A computer vision and RFID fusion-based method for measuring individual feed intake and its application for detecting individual differences in feed efficiency of large yellow croaker (Larimichthys crocea)

Abstract

Estimating the individual feed intake (FI) for multiple consecutive meals of fish reared at commercial densities has long been a challenge and this difficulty has prevented the genetic improvement of feed efficiency (FE) in fish. We propose an automatic and real-time measurement system for individual FI of fish reared in a group based on computer vision and radio frequency identification fusion technology in large yellow croaker (Larimichthys crocea). To achieve this, we designed a feeding station where only one fish at a time can enter and have their passive integrated transponder (PIT) tag recorded. We then trained a feed pellet detection model based on You Only Look Once v5 using an annotated dataset, which achieved a final precision of nearly 100%. Finally, we utilized the trained feed detection model combined with PIT scanning to accurately and automatically track individual FI of fish with access to the feeding station.
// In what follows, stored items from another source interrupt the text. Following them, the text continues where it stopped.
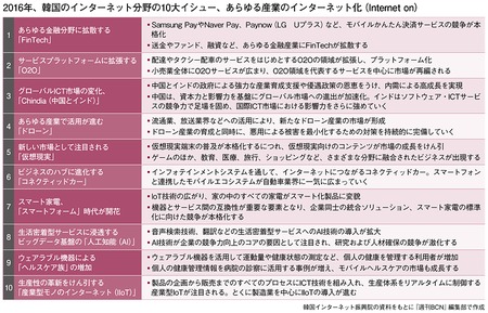 FinTechは15年に続いて10大イシューに選ばれており、アリババやテンセント、Baiduなど、中国の大手ICT企業が新しい金融サービスを続々と提供し、消費者の生活に浸透している。一方、「韓国では金融規制、行政間の壁が産業の発展に大きな妨げとなっており、規制の緩和と改善が急務だ」と専門家は語る。(つづく)(文/鄭麗花)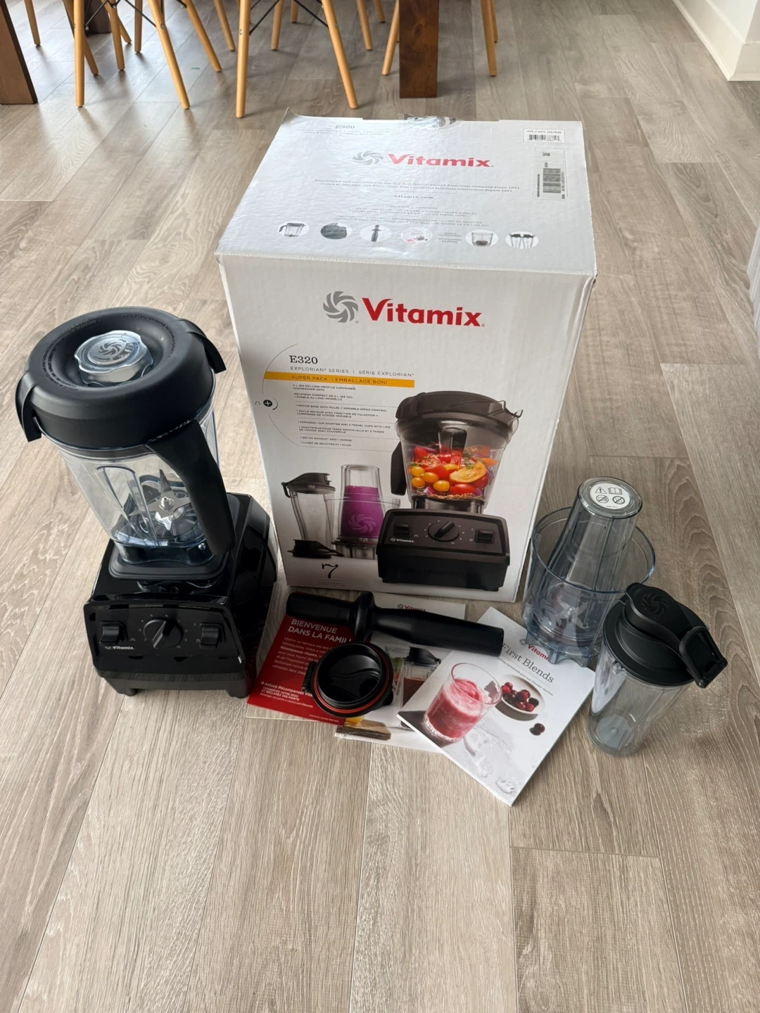 123Selling used Vitamix E320. The 2L low profile container very lightly used and personal cups has never been used. All booklets are still in original packaging, unsealed.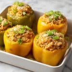 • Can I prepare the filling ahead of time? Absolutely! You can mix the filling a day in advance and refrigerate it. Just stuff the peppers right before baking.
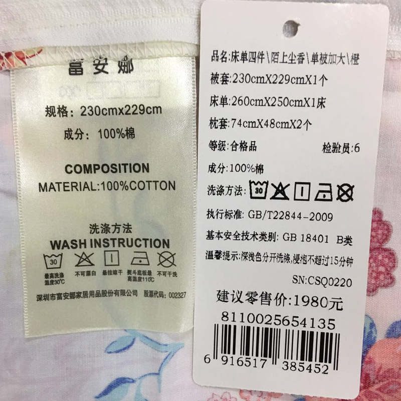 陌上尘香床单四件套(适用1.8米床)(被套1件床单1件枕套2件)【高支高密棉/橙】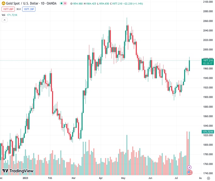 The price of gold against the US dollar, known as XAUUSD, increased close to $1,980, reaching its highest point since June 2nd.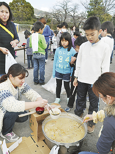 30年以上前から続く行事だが、決まったレシピはない。味付けは酒粕、ごま油を入れたりと地域ごとに様々だ。毎年「あるもので適当に」を合言葉に個性的な芋煮が出来上がるという。今年も例年通り、おかわりの連続に。息を吹きながら芋を食べる子を前に、母親たちは「晩御飯の分まで食べていいからね」と笑顔。鍋はまもなく底をついた。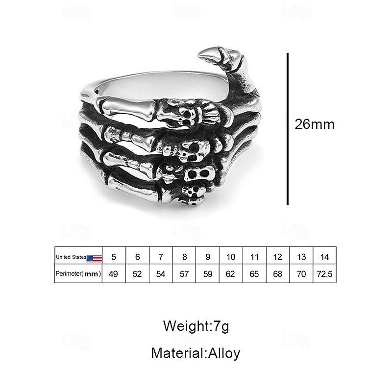 $7.99 - Men's Gothic Skeleton Hand Ring – Unique Alloy Design with Skull Details, Perfect for Halloween, Costume Parties and Gothic Fashion Enthusiasts 2025. Shop for cheap Halloween Accessories online? Buy at lightinthebox.com on sale today!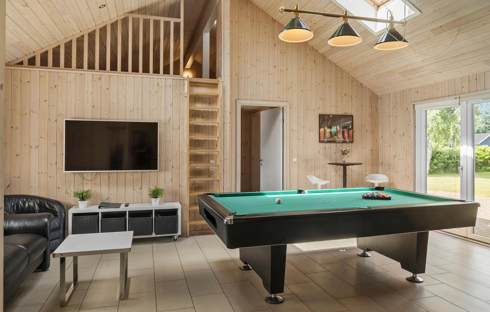 Velkommen til de moderne, stilrene rammer i dette klassiske, indbydende sommerhus. Ovenlysvinduerne lukker masser af naturligt lys ind, hvilket gør det åbne køkken lyst og indbydende. Efter dagens udflugter kan I sætte jer til rette foran tv'et eller lave mad sammen i det åbne køkken. Hvis I trænger til at gøre noget aktivt, så hop en tur i poolen eller snup et spil billard.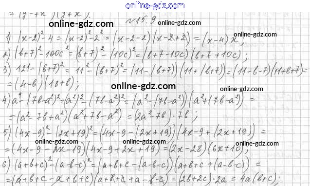Готовые домашние задания по Алгебре за 7 класс Учебник Мерзляк, Поляков Алгоритм успеха Углубленный уровень 2019 - §15. Разность квадратов двух выражений 15.9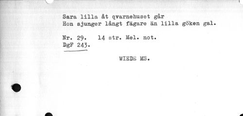 //// Sara lilla åt qvarnehuset går //// Hon sjunger långt fägare än lilla göken gal. //// Nr. 29. 14 str. Mel. not. DgF 243. //// WIEDE MS. ////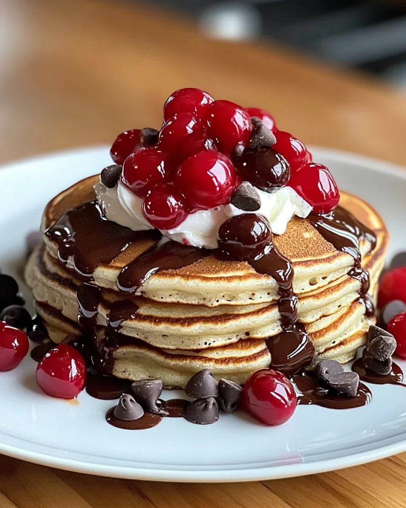 Now for the fun part! Stack those fluffy pancakes high and top them with cherry pie filling, mini chocolate chips, a drizzle of chocolate syrup, and a generous dollop of whipped cream. If you set aside some cherries, toss them on top for that extra flair. Serve your Chocolate Cherry Pancakes immediately for a breakfast that’s sure to impress everyone at the table!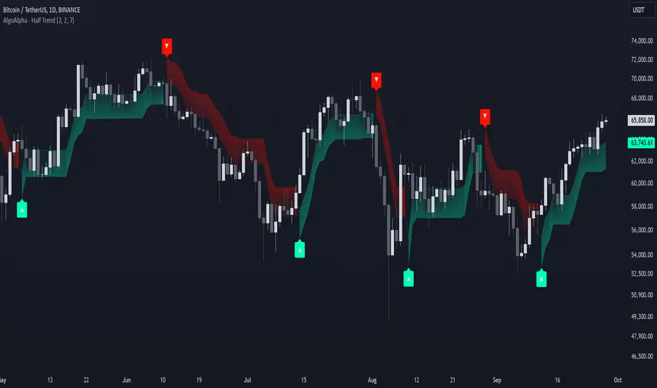 Enhance your trading strategy with the Half Trend Regression indicator by AlgoAlpha and gain a statistical edge in the markets! 🌟📊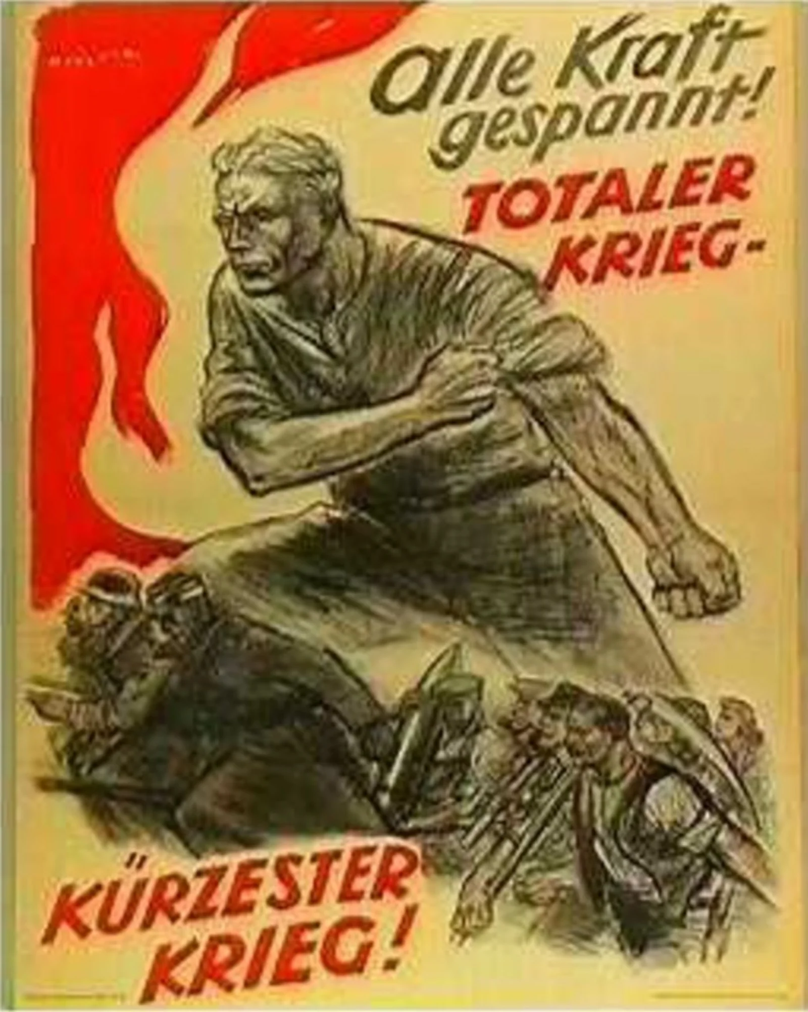 Introduktion: Hans Schweitzer (1901-1980) tegnede i 1943 denne plakat, som i original måler 83,8 x 59,4 cm. Teksten på plakaten lyder: ”Fuld fart frem! Total krig er den korteste krig”.

In 10 experiments lasting a total of 792 ​min conducted in the laboratory, the automatic real-time feed counting achieved an average accuracy of 94.5%. In addition, during a 14-day FI measurement period conducted in an indoor farm with 894 fish that received two meals per day, large yellow croaker feed efficiency ratio (FER) was 0.9 ​± ​0.4 with a coefficient of variation of 47%. FER showed a weak positive correlation with initial body weight and a weak negative correlative with FI. There was also a moderate correlation between FER and body weight gain (BWG), with subgroups that had high BWG exhibiting greater FER values. The approach described here demonstrates a method to automatically and accurately investigate FER in fish that can be used to assess the potential for their genetic improvement.